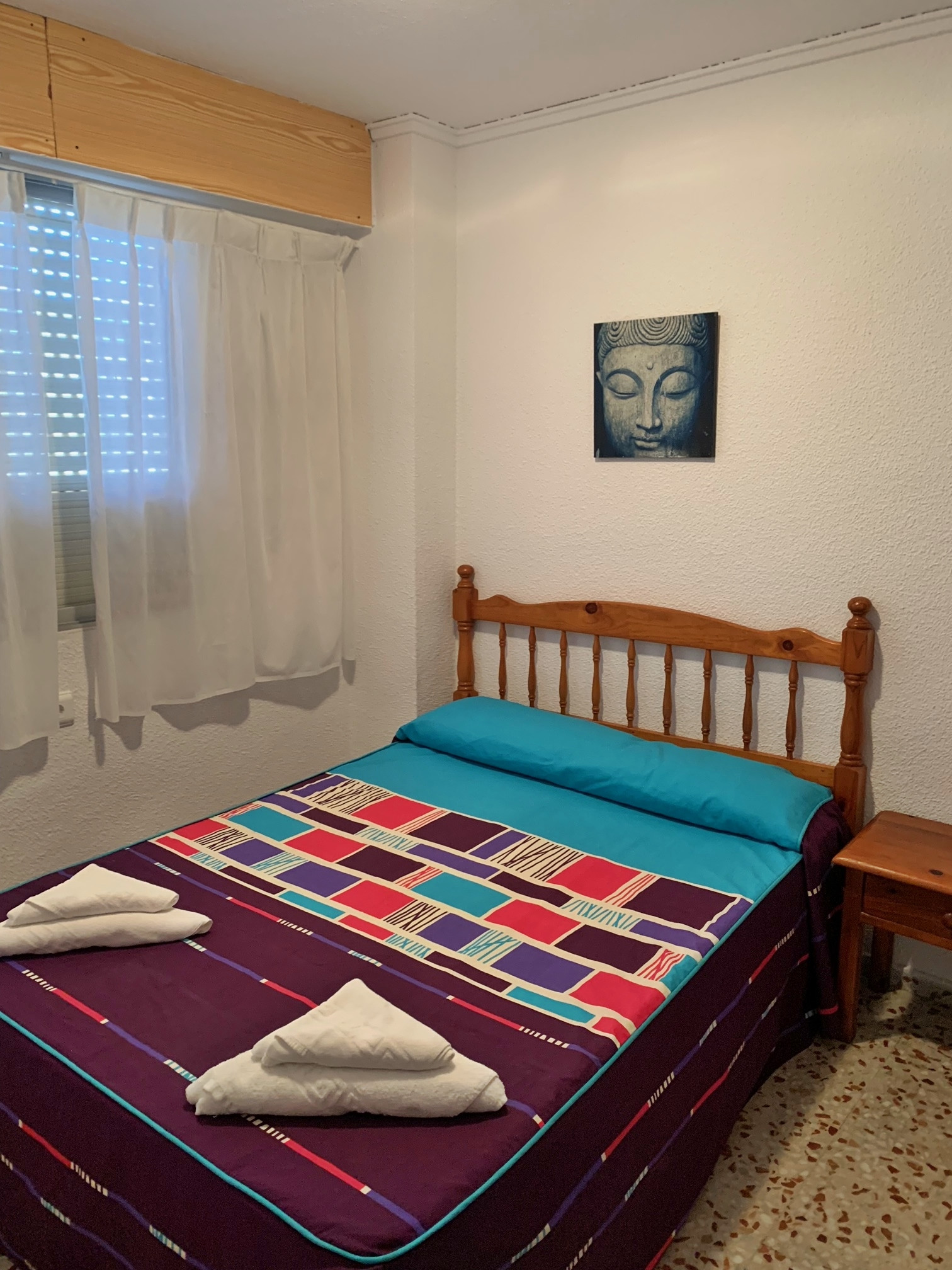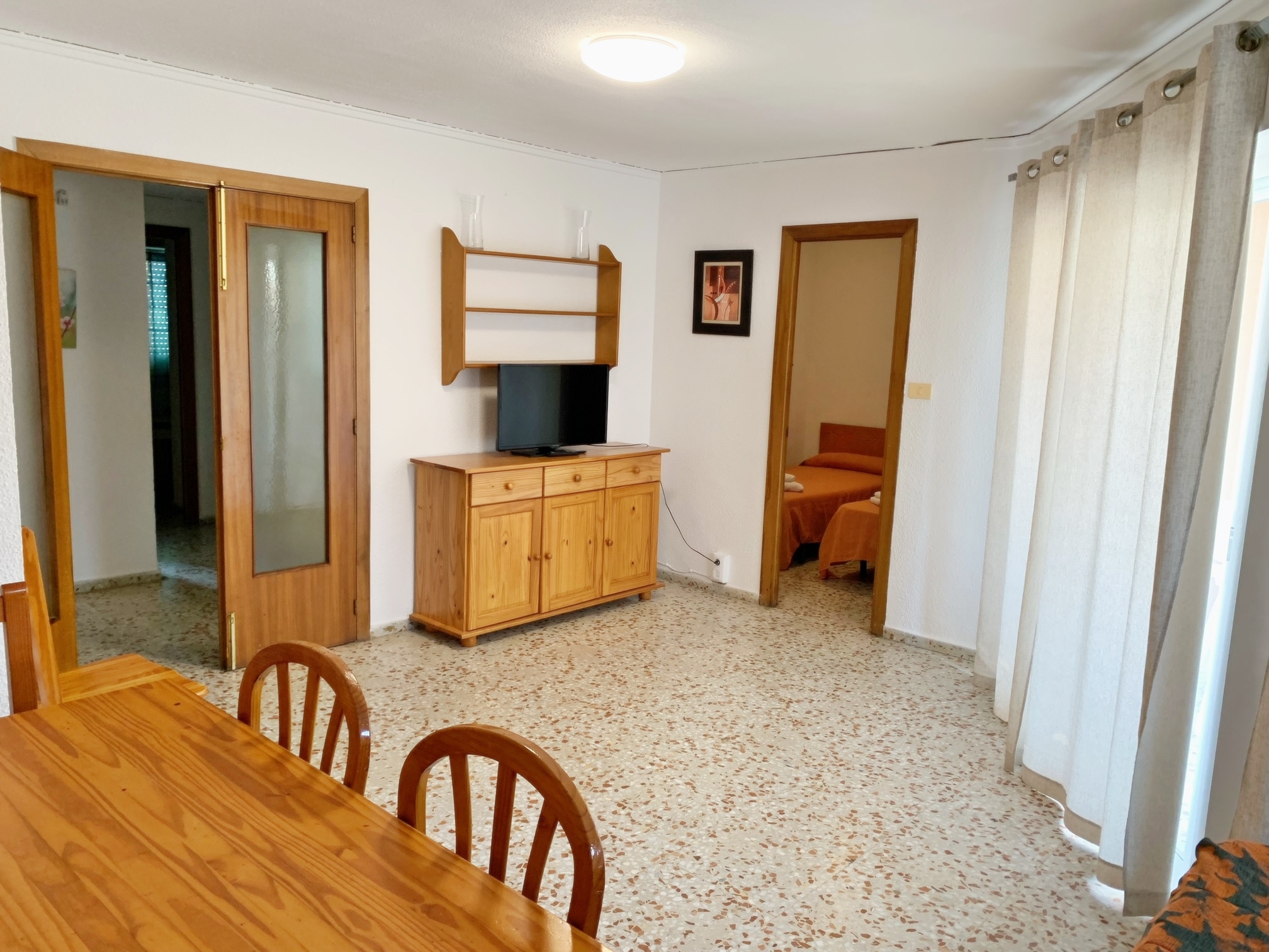 CONSTA DE: 3 dormitorios con cama de matrimonio, un cuarto de baño con ducha. Salón comedor con una cama plegable para 1 persona. En uno de los dormitorios, (dormitorio de color amarillo) hay un ventilador de techo. Cocina independiente totalmente equipada con vitro. Gran terraza con vistas laterales a la playa.
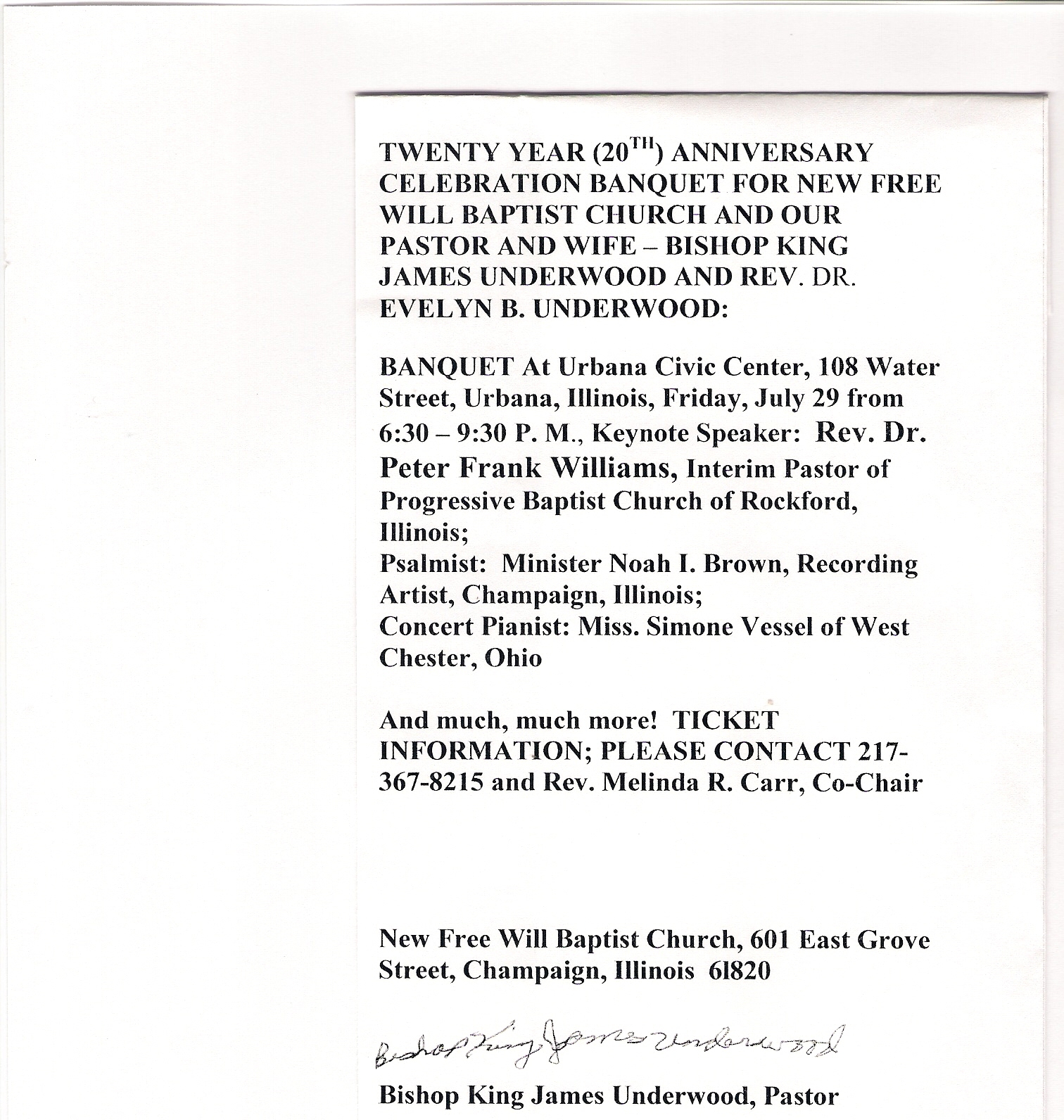 "New Free Will Baptist Church 20th Anniversary Flyer," in eBlack Champaign-Urbana, Item #2013, https://eblackcu.net/portal/items/show/2013 (accessed January 19, 2026).
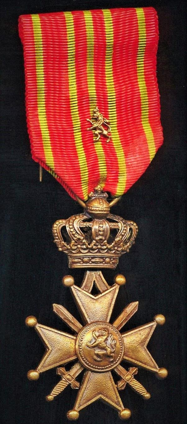 The decoration with King Albert I reverse The 1st type 'Rampant' Bronze Lion emblem denotes: - 1 x Bronze Lion: The award of 1 x Citation in Orders of the Day at 'Regiment' level The medal retaining its original silk riband, that is fitted with an 'Epingle' two-pronged mounting pin in the Belgian style Condition: GVF
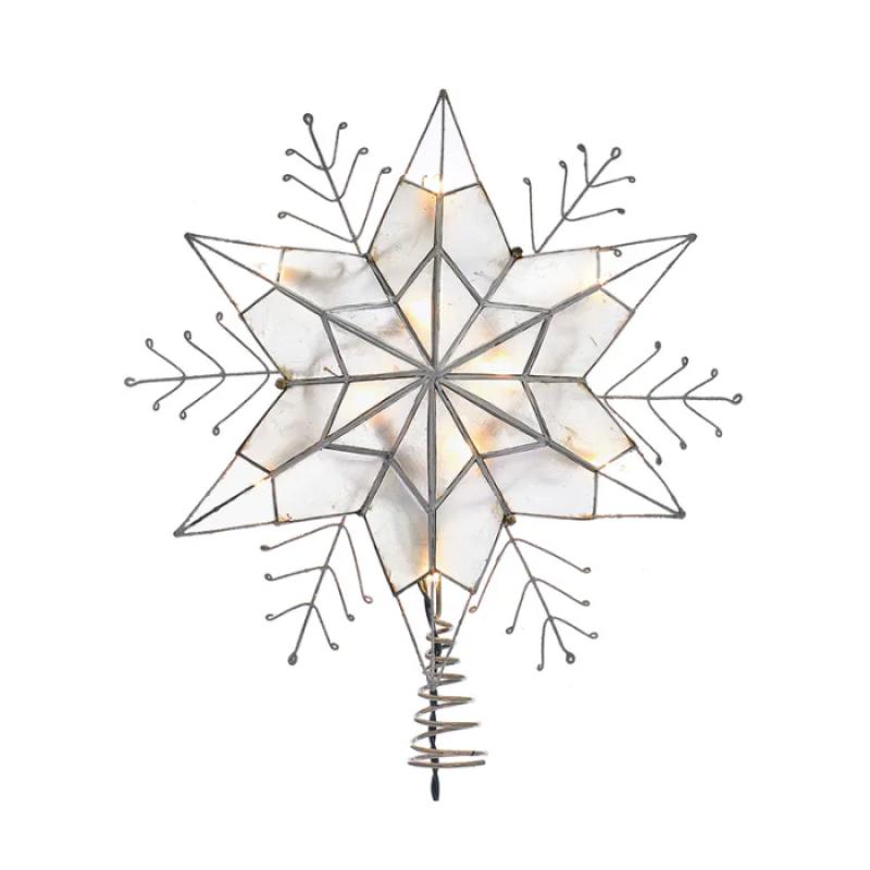 This Kurt Adler snowflake star tree top with clear lights is a beautiful, classic way to add to the lighting of your Christmas tree. The metal and plastic design features a capiz 6-point star that reveals a silver wire snowflake design.

***

§ What to do: Restate the whole listing word for word. Omit the pictures.

§ Written response:
 CONSTA DE: 3 dormitorios con cama de matrimonio, un cuarto de baño con ducha. Salón comedor con una cama plegable para 1 persona. En uno de los dormitorios, (dormitorio de color amarillo) hay un ventilador de techo. Cocina independiente totalmente equipada con vitro. Gran terraza con vistas laterales a la playa.
 "New Free Will Baptist Church 20th Anniversary Flyer," in eBlack Champaign-Urbana, Item #2013, https://eblackcu.net/portal/items/show/2013 (accessed January 19, 2026).
 The decoration with King Albert I reverse The 1st type 'Rampant' Bronze Lion emblem denotes: - 1 x Bronze Lion: The award of 1 x Citation in Orders of the Day at 'Regiment' level The medal retaining its original silk riband, that is fitted with an 'Epingle' two-pronged mounting pin in the Belgian style Condition: GVF
 This Kurt Adler snowflake star tree top with clear lights is a beautiful, classic way to add to the lighting of your Christmas tree. The metal and plastic design features a capiz 6-point star that reveals a silver wire snowflake design.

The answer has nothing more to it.